Not sure what to write about? Start with what’s right in front of you.
9. Get meta: Document the creative process itself.
I love reading and listening to creative types talk about their own process, and typically, Poets Watching TV posts have focused on process television for this reason.
Sometimes hearing creative folks talk about creativity is incredibly banal and a little irritating: I just let it flow, man. I don’t really know where it comes from. But other times it’s deeply insightful. Burnham doesn’t overtly discuss his process, but we can intuit clues just from watching Inside.
Burnham is inspired by persona work, stage-like lighting effects, critiques of performativity, internet culture, and DIY processes. How do you work best? What inspires you? Take your process as seriously as Burnham asks us to take his.
10. You really need to get outside.
I won’t tout the virtues of fresh air, long lunches with friends, outdoor concerts, or hiking, though they all have their benefits. Going outside and living among other people is a kind of performance, as Burnham shows us in the special’s final minutes, but the “inside” world alone can’t sustain us. The internet is an exhilarating and terrible place, but real-life interactions—the stuff of actual living—is required in order to make art.
We also need to get outside of the systems that keep us docile, doom-scrolling, and ultimately powerless. We need to make outside a better place to be for the most vulnerable among us, not just for rich white guys like Burnham, and I think he’d agree.
How the World Works
Burnham made Inside by himself, but was he really alone for a year while he made it?
No. Burnham, again, was isolated in a kind of creative play place. He was feet away from a still-isolated but much cushier existence in his home. At one point we see him making up a sad-looking little bed and getting into it in his studio space, but you’d better believe he got up and marched himself into bed in the main house with his longtime partner Lorene Scafaria after filming that segment. Or at least one would imagine.

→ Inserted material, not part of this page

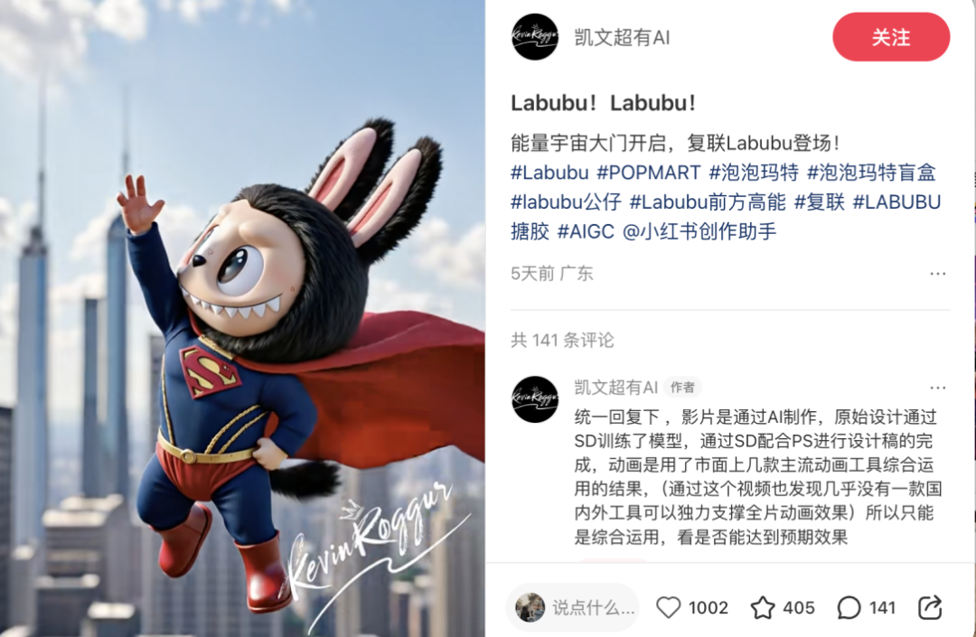 与传统迪士尼IP不同,LABUBU的官方IP的故事线设定十分模糊,这种叙事留白成为了引发用户集体创作的核心驱动力,AI工具提升了用户对LABUBU人格的共创效率。

Whether you view Inside as a genuine document of a mental health crisis or as a highly curated performance piece about the disintegration of modern life, you’ve watched the special correctly. Both interpretations add value, and the act of art interpretation is more important than the interpretation itself.
My only worry is whether or not Inside perpetuates, whether on purpose or by accident, the notion that creating great art requires suffering. The past few years have introduced so many of us to more suffering than ever before, and I hope we’re able to examine that pain through art. But in the end, I mostly just hope we’re able to take better care of each other, ourselves, and the world outside our door.